2.2.2. Signaling Pathways Regulated by USP11

Many important functions of USP11 are achieved by interacting with proteins to regulate signal pathways. Therefore, we will detail the important signal pathways regulated by USP11. HPV-16E7 is a transforming protein related to the occurrence and development of cervical cancer. USP11 can combine with HPV-16E7 to form a specific complex to avoid degradation of HPV-16E7 and increase its stability. USP11 can regulate a variety of biological functions by stabilizing HPV-16E7 [25]. In one way, HPV-16E7 can degrade pRb, which is a typical tumor suppressor gene, so USP11 exhibits cancer-promoting property in the pathway. In addition, USP11 can also induce the upregulation of Bcl-2, BH3, and Cdc-2 by stabilizing HPV-16E7 [25]. It is clear that USP11 participates in the TNF-α-IKKβ-IκBα-NF-κB signaling pathway. USP11 colocalizes with IκBα and acts as an IκBα deubiquitinase to inhibit the ubiquitination and degradation of IκBα induced by TNF-α. Therefore, USP11 plays a key role in the downregulation of NF-κB activation [26]. Additionally, USP11 is also involved in the TGFβ signaling pathway. USP11 can resist the negative effect of SMAD7 on the TGFβ signaling pathway. USP11 interacts with the type I TGFβ receptor (ALK5) and causes its deubiquitination and stabilization, leading to TGFβ-induced enhanced gene transcription [27]. Studies have used mitoxantrone (MTX), a USP11 inhibitor, to inhibit or downregulate USP11, resulting in increased TβRII ubiquitination and decreased TβRII stability. Subsequently, the TGFβ signaling pathway was weakened, the phosphorylation level of SMAD2/3 decreased, and the expression level of fibronectin (FN) and smooth muscle actin (SMA) decreased [28]. These results further confirmed the role of USP11 in regulating multiple signaling pathways in cells. The signaling pathways regulated by USP11 are graphically depicted in Figure 2.

Figure 2

USP11 regulates signaling pathways through deubiquitinating interacting proteins. HPV-16E7: human papillomavirus-16E7 protein; pRb: retinoblastoma protein; Cdc-2: cell division cycle-2 protein; E2F1: E2F transcription factor 1; Bcl-2: B-cell lymphoma-2 protein; BH3: BH3-like motif-containing cell death inducer; FASN: fatty acid synthase; PI3K-S6: phosphoinositide 3-kinase regulatory subunit 6; eIF4B: eukaryotic initiation factor 4B; TNFα: tumor necrosis factor-α; TAK1: transforming growth factor kinase 1; IKKβ: IκB kinase β; NF-κB: nuclear factor-kappa B; IκBα: IkappaB α; ALK5: type I TGFb receptor; TGFβ: transforming growth factor β; TβRII: TGFβ-1 receptor II.

3. USP11 and Cancer

3.1. Regulating Cell Cycle and Proliferation

USP11 can regulate cell cycle and cell proliferation by interacting with some proteins. Microtubules constitute the nucleus, which is a very significant part in the process of cell division. RanBPM, a RanGTP-binding protein, is an indispensable protein in this process. USP11 can participate in the correct division of cells by deubiquitinating and stabilizing RanBPM [12]. The correct entry of chromatids into daughter cells during mitosis is a crucial step in maintaining the stability of the genome. In this process, RAE1 plays an important role as a protein involved in SAC regulation and bipolar spindle formation. Studies have found that USP11 regulates the deubiquitination of RAE1 on the mitotic spindle, which in turn regulates the formation of the spindle [21]. This can prevent the occurrence and development of cancer. The normal expression of USP11 plays a pivotal role in the normal division and proliferation of cells, but abnormal expression of USP11 can lead to tumors.
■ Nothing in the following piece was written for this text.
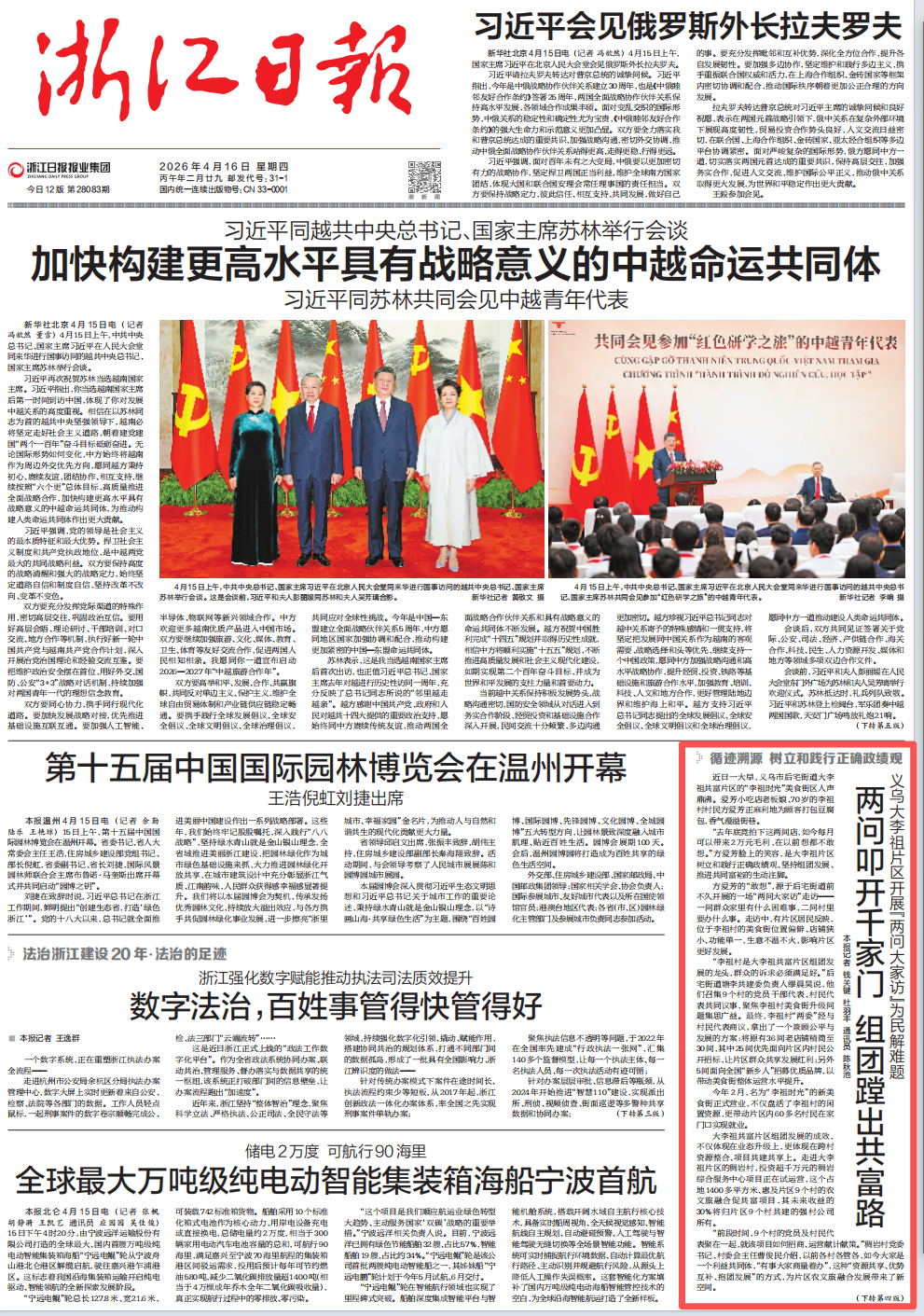 2026年4月16日《浙江日报》头版

For example, when USP11 is overexpressed, it can not only transform normal cells into cancer cells but also inhibit cell necrosis and apoptosis by stabilizing x-linked inhibitor of apoptosis protein (XIAP), thereby promoting the occurrence of tumors [29]. In addition, USP11 can also deubiquitinate and stabilize Mgl-1 in a RanBPM-dependent manner, thereby inhibiting the proliferation of cancer cells [30]. Therefore, the normal expression of USP11 is necessary for the correct division of cells.

3.2. DNA Repair

The correct repair of DNA damage is the process of maintaining the normal living state of cells, and no mistakes are allowed; otherwise, it will bring disastrous damage to cells. When the repair process fails, the apoptosis process will be initiated. If the apoptosis process cannot proceed smoothly, the cells will undergo malignant transformation. Compared with Lys²⁷-, Lys²⁹-, and Lys⁴⁸-linked and linear chains, USP11 is more inclined to utilize Lys⁶³-, Lys⁶-, Lys³³-, and Lys¹¹-linked chains to play a role in DNA repair [9]. As mentioned earlier, USP11 can participate in the DNA repair process by stabilizing BRCA2. In addition, another study found that homologous recombination (HR) proteins BRCA1 and BRCA2 cannot repair DNA damage when there is no USP11 existence [14]. The latest research also found that when MYCN is dephosphorylated at Thr58, USP11 can specifically bind to MYCN. Next USP11, BRCA1, and MYCN are mutually stable on chromatin [31]. There is a huge discovery that USP11 acts as a histone deubiquitinase to catalyze the deubiquitination of H2AK119 and H2BK120, terminate the reorganization of DNA and chromatin structure in time, and allow time for DNA repair. This shows that USP11 is a chromatin modifier and plays a key role in the DNA damage response and the maintenance of genome stability [32].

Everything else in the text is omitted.